Но прошли первые три месяца и еще один. И стало легче. В Петербург – по понятным причинам – решено было не возвращаться, и княгиня впервые в жизни, день за днем, прожила в деревне великолепную русскую осень – воронежскую, яркую, расписную. Тошнота незаметными усилиями Мейзеля совсем прошла, и Надежда Александровна, словно следуя властным правилам своего сада, начала наливаться сытой сонной спелостью. Она теперь отменно кушала и ежедневно целыми часами гуляла, запахивая на круглеющем животе красную, всю в золотых цветах, душегрею, подбитую зайчиками. Душегрею привез Мейзель, он же расхвалил портниху – мещаночку Арбузову (по-здешнему – Арбузиху), большую рукодельницу, так что Надежда Александровна, к которой вместе с аппетитом вернулась и любовь к прекрасному, уже продумывала себе новые наряды – сплошь в народном духе. Местные бабы одевались под стать осени – радостно, ярко. Планировалась и детская – непременно в первом этаже, огромная, вся в тафте и шелку, и дальнейшая перестройка дома да и всей усадьбы. Мейзель посмеивался, кивал, подбирал из спутанной травы то тяжелое яблоко, то облепленную муравьями лопнувшую грушу. Надкусывал громко, вкусно. Протягивал Борятинской – так же просто, как мать младенцу, и она так же просто брала, впивалась зубами, смешивая сок, мякоть, свою и чужую слюну. Это было больше, чем поцелуй, это была настоящая близость, та, что непоправимей любой измены, но они не думали об этом.

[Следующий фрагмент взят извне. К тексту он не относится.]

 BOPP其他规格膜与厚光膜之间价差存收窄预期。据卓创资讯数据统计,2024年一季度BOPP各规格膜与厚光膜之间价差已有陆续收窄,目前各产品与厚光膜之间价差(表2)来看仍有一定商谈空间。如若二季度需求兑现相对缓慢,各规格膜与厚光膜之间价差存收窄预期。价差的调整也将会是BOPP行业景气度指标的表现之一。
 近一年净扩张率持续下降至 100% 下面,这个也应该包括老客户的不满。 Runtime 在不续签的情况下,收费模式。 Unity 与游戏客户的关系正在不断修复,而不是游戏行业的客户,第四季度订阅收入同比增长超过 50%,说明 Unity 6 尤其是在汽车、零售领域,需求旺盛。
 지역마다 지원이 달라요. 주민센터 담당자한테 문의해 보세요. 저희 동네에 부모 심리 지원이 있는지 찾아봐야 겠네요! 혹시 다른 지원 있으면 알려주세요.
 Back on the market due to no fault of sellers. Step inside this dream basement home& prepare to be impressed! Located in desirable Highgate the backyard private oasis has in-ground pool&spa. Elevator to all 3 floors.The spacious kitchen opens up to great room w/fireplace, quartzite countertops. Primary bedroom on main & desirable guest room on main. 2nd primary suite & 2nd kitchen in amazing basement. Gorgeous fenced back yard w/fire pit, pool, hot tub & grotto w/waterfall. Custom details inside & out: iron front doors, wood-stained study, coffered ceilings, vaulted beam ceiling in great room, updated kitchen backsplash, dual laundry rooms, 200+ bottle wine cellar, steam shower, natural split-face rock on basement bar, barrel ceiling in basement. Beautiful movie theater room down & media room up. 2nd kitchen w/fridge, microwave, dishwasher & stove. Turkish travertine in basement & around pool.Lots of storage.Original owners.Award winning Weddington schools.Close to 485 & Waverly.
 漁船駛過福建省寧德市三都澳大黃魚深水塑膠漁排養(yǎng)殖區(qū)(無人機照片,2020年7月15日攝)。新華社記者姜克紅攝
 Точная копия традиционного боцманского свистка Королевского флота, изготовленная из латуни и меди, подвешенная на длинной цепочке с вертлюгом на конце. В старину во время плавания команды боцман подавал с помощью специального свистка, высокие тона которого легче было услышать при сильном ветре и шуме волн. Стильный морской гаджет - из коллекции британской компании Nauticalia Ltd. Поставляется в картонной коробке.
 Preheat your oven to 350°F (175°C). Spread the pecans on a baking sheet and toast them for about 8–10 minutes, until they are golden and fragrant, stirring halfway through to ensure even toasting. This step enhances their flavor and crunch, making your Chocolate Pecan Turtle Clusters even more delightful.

Они просто ждали ребенка. Оба.
А можно мне тёрну?
Будущей матери, княгиня, можно всё. У меня пациентки на сносях, бывало, мелу наедятся или, страшно сказать, тухлой селедки. Одной купчихе, не поверите, осетра целикового в тепле подвешивали, пока хвост не отвалится. Собаки – и те от вони сбегали, не могли. А она уминала, только нахваливала. Такого богатыря родила – я думал, в руках не удержу. Фунтов одиннадцать, не меньше. Так что если только пожелаете…
Надежда Александровна отмахивалась в веселом ужасе и губами собирала с ладони чуть подвяленный близкой зимой терпкий терн. По утрам и вечерам уже подмораживало, но днем все сияло, плавилось, пекло, ослепительно-горький воздух был весь заштрихован летящими паутинками, и небо было громадное, густо-синее, радостное. Никогда она не видела в Петербурге такого неба. Надежда Александровна запрокидывала голову, смеялась, жмурилась, пыталась по голосам пересчитать невидимых осенних журавлей, но сбивалась и смеялась снова.

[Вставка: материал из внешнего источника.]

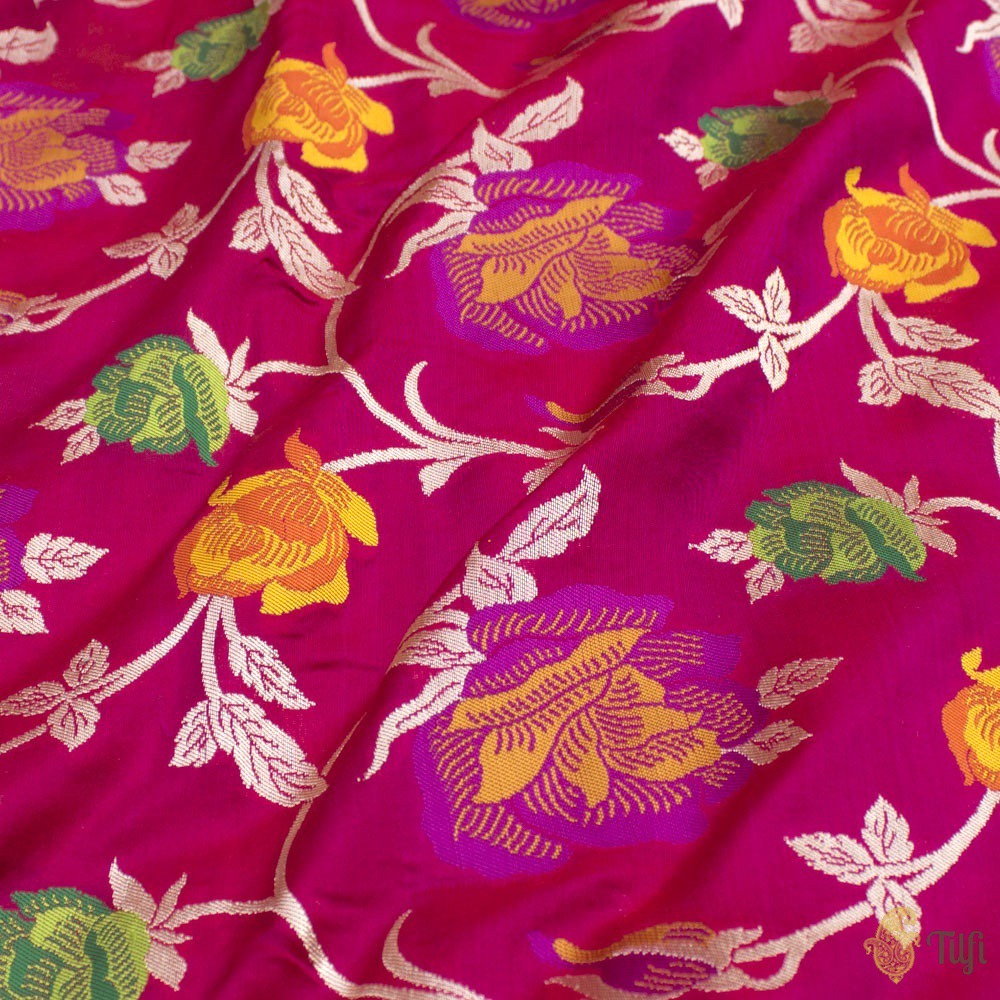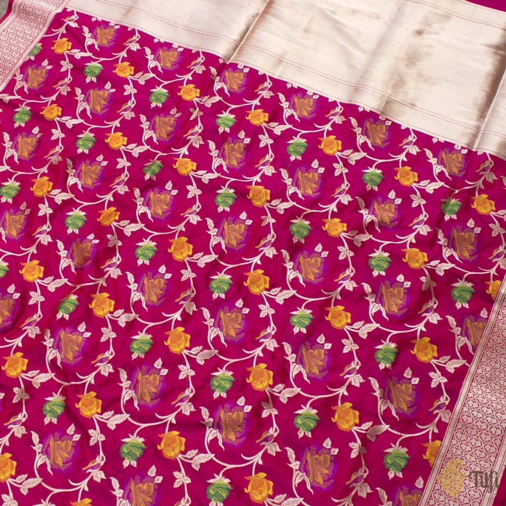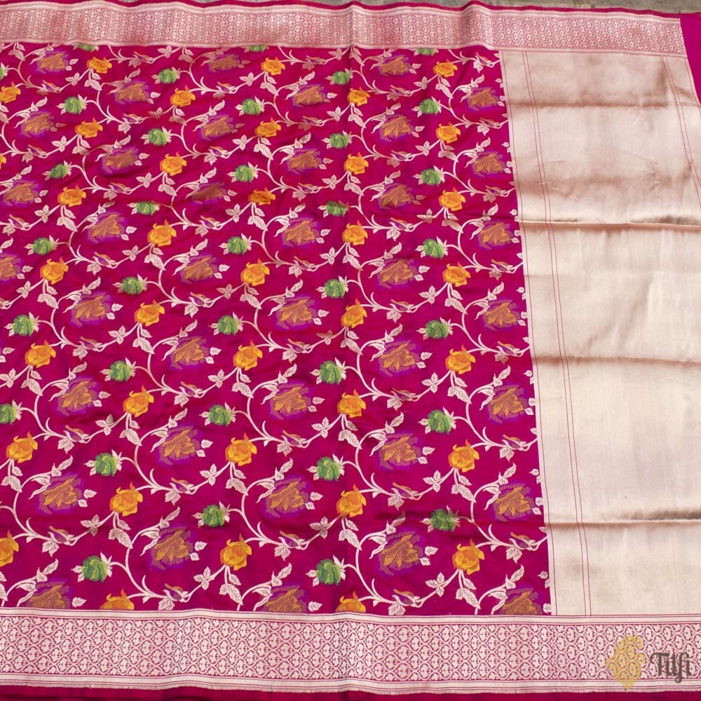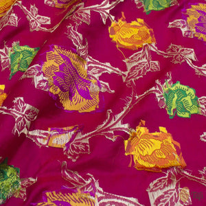Speciality - A beautifully handwoven allover floral jaal with multicoloured Meenakari, creating a veritable bouquet on the yards of cloth.

Борятинский смотрел на это из окон кабинета волчьими от обиды глазами. Заподозрить неверность и то было бы легче, но неверности не было. Было страшнее. Хуже. С ним Наденька не смеялась больше, да и вообще едва замечала, хотя причин для обиды – вот ей-богу! – просто не было, как не было вообще ничего, что могло бы их разлучить. Он всегда так считал. И вот – просчитался. Из другого окна так же тяжело смотрела Танюшка, тоже бессердечно забытая, впервые низведенная до положения обычной горничной, – принеси, подай, пойди вон, не нужна.
Не нужна…
Князь и Танюшка, не сговариваясь, переводили взгляд на Мейзеля. Вот кто был во всем виноват! Ясно же. Он один. За несколько месяцев взявший в свои руки не только душу и тело княгини, но и весь дом. И самое страшное в этой невиданной власти было то, что Мейзель ею не пользовался. Не выгадывал ничего, не выкраивал, не просил. Не носился с прожектами. Не передвинул на доске ни единой фигуры, не считая, конечно, небрежно сброшенных под стол короля и ферзя. Даже деньги, обычный свой скромный довольно гонорар, брал не каждый визит, а только когда осматривал княгиню – не чаще раза в месяц, по понедельникам. Без молитвы. Без супруга. Без приличествующих свидетелей женского полу. За закрытой дверью. Один.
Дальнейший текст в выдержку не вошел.